MATERIAL SUPPLIED Start Marker
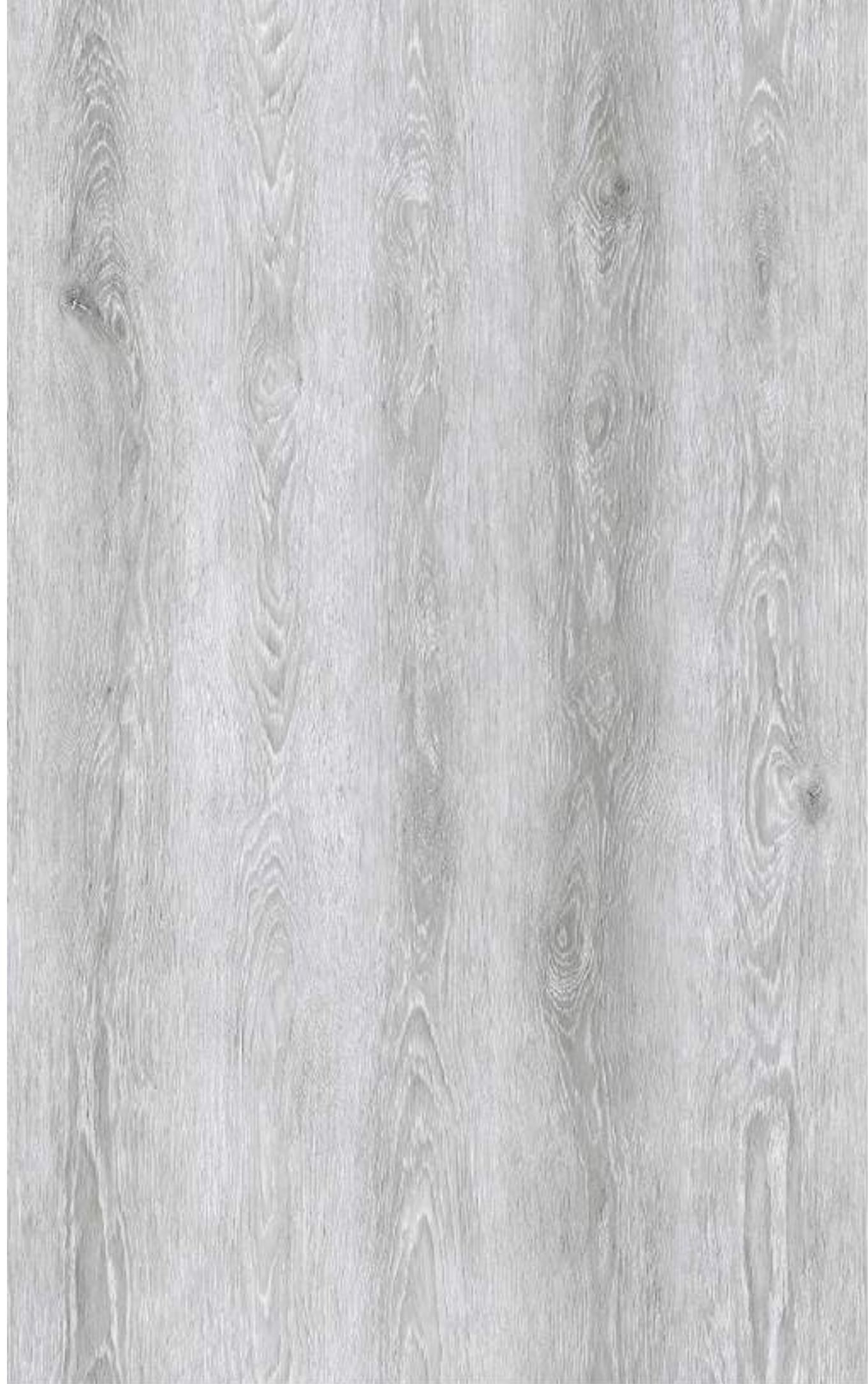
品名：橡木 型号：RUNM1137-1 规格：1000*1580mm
MATERIAL SUPPLIED End Marker
MATERIAL SUPPLIED Start Marker
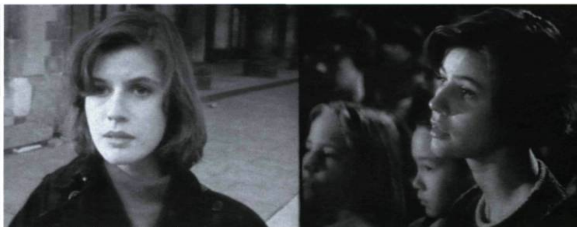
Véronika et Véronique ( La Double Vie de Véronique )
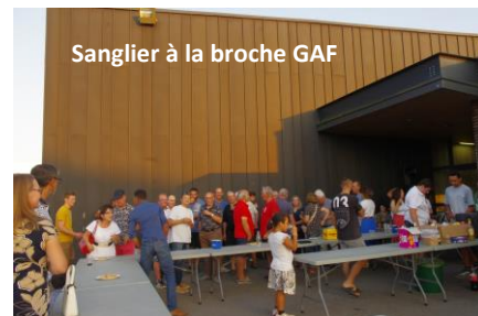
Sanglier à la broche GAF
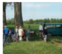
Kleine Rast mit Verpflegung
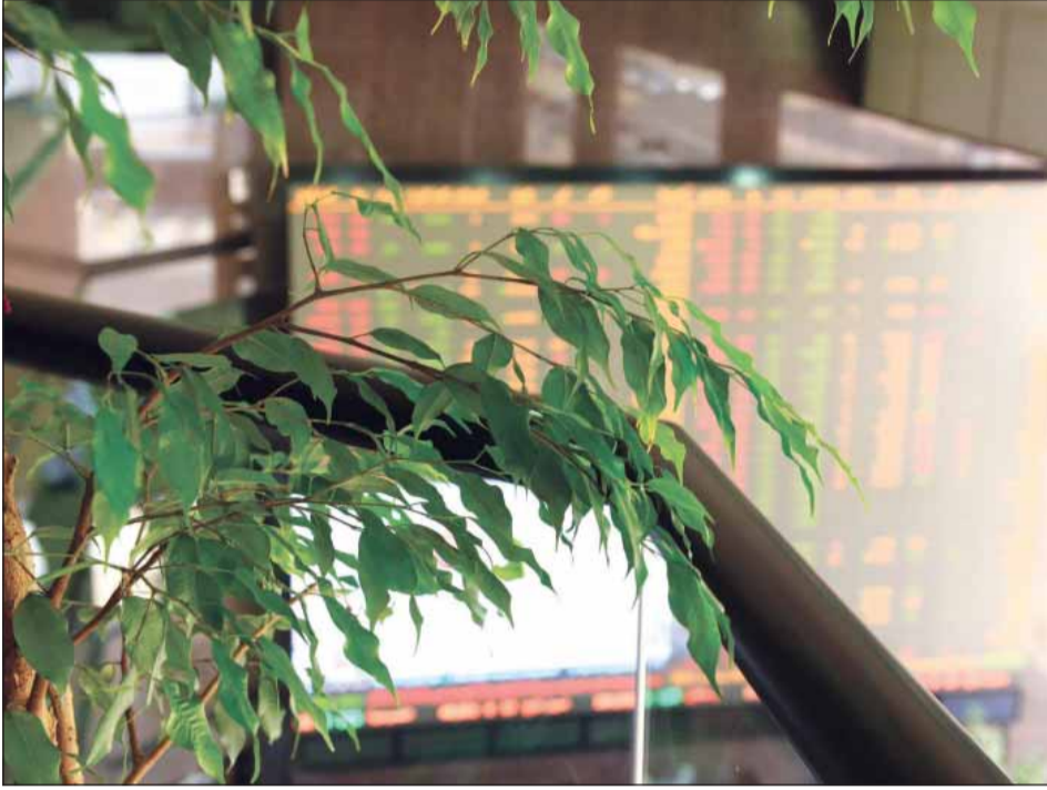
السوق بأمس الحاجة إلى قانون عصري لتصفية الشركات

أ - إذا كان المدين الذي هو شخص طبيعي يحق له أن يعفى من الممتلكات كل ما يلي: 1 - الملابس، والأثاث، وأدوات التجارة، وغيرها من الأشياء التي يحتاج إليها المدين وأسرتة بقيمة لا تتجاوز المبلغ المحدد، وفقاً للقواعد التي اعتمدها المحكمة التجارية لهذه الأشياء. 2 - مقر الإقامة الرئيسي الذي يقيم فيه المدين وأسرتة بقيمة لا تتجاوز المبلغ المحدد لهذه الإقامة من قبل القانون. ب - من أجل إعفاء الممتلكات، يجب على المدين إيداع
MATERIAL SUPPLIED End Marker
Copy out, exactly and alone, the lines of the entries above between the ones holding "السوق بأمس الحاجة" and "أ - إذا كان", inclusive.

● COMPLETED TASK
السوق بأمس الحاجة إلى قانون عصري لتصفية الشركات

أ - إذا كان المدين الذي هو شخص طبيعي يحق له أن يعفى من الممتلكات كل ما يلي: 1 - الملابس، والأثاث، وأدوات التجارة، وغيرها من الأشياء التي يحتاج إليها المدين وأسرتة بقيمة لا تتجاوز المبلغ المحدد، وفقاً للقواعد التي اعتمدها المحكمة التجارية لهذه الأشياء. 2 - مقر الإقامة الرئيسي الذي يقيم فيه المدين وأسرتة بقيمة لا تتجاوز المبلغ المحدد لهذه الإقامة من قبل القانون. ب - من أجل إعفاء الممتلكات، يجب على المدين إيداع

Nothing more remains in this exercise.